Liryka zresztą, szczególnie w grze Pawła, była najmocniejszą stroną koncertu. Wprowadziła w eleganckie wnętrze sali ICE stonowany, chłodny w opanowaniu, ale nie zimny, styl i klasę. To nie oznacza, że scena nie zapłonęła, jak tego chcieli artyści, dzięki  wywołanym na niej emocjom. Jednak od początku do końca we wszystkim panowała równowaga właściwa muzyce na najwyższym poziomie.
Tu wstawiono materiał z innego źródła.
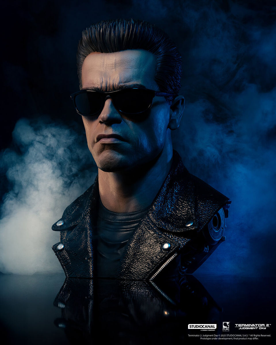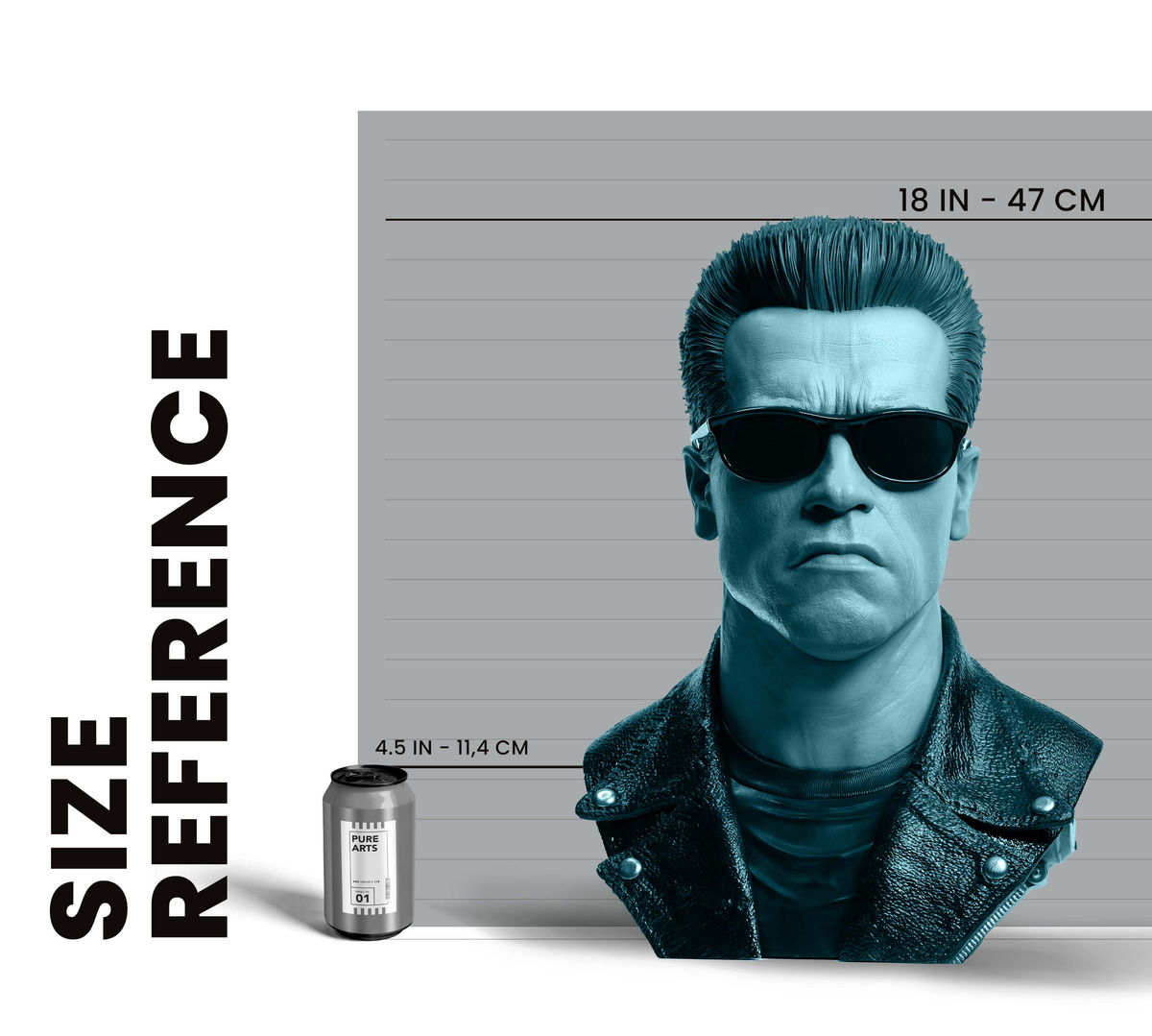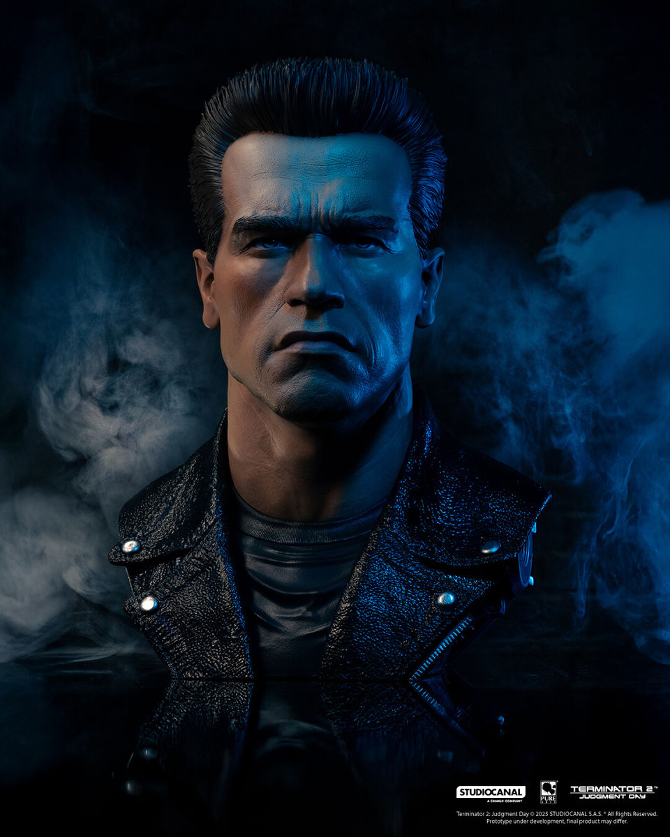 Cyberdyne Systems Model 101 T-800. John Conner liderliğindeki insan direnişine uyum sağlamak ve sızmak için özel olarak tasarlanmış, hiperalaşımlı bir endoskeleton üzerinde canlı dokuya sahip sibernetik bir organizma. Arnold Schwarzenegger tarafından canlandırılan PureArts, T-800'ü son derece detaylı bir heykel benzeri, metal kaplamalar ve derinin altındaki karmaşık detaylı endoskeletonu ortaya çıkaran çıkarılabilir bir ön plaka ile hayata geçiriyor.

Jako obraz tego, co chcę Państwu wyrazić, przychodzą mi na myśl szykowne marynarki i kamizelki, w których wystąpiło trio.

Na koniec proszę sobie wyobrazić albo przypomnieć: po tym, jak intensywnie niebieska smuga obiega całą salę, gasną wszystkie światła, a w ciszy rozlegają się brzmienia i połączenia tych brzmień z grą świateł, jakich dotąd jeszcze nie znaliśmy.